To account for both the slow timescale and spatial structure of noise correlations in the visual cortex, our network model combines local bistable On-Off dynamics with spatially organized connectivity. In our model, correlated variability arises from metastable transitions between the On and Off fixed points, and not from fluctuations around a single global attractor32. Our results suggest that a theory of noise correlations in the visual cortex should incorporate both the anatomical connectivity structure of visual areas as well as the local bistability of population dynamics in single columns.

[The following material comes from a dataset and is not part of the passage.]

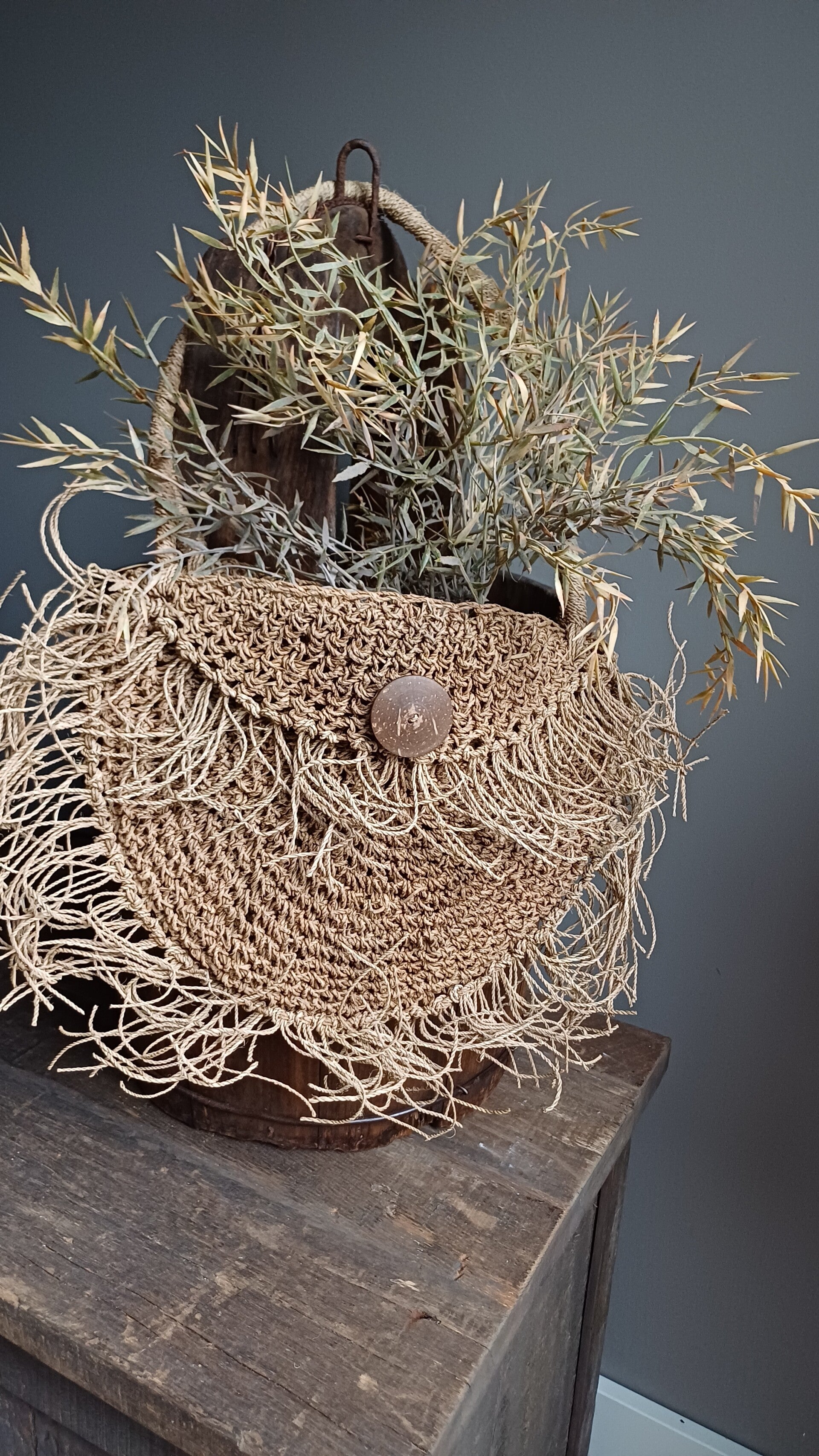 Super leuk tasje gevlochten van hard zeegras, erg leuk om mee te decoreren. Hang hem aan een ladder of aan een deurknop, shabby doeje of kunst tak erin en hij past perfect in een landelijk/sobere stijl.

Recurrent network models were previously developed to suggest possible circuit mechanisms that produce a reduction of noise correlations during attention31,32,56. These models are based on a dynamical mechanism, where the network operates around a global fixed point and attentional inputs increase the stability of this fixed point leading to suppression of correlated fluctuations. Specifically, in the network with intrinsically generated shared variability, the stability of the operating point can be increased by up-regulating activities of inhibitory neurons31. However, elevated inhibition reduces firing rates of excitatory neurons, which contradicts attentional enhancement of firing rates in experiments. In the network filtering external noise, the stability of the global fixed point can be increased by excitatory inputs when the network operates in inhibition dominated regime32. In this scenario, an excitatory input increases effective lateral connectivity, which suppresses the transmission of the correlated input noise (Supplementary Note 3.4).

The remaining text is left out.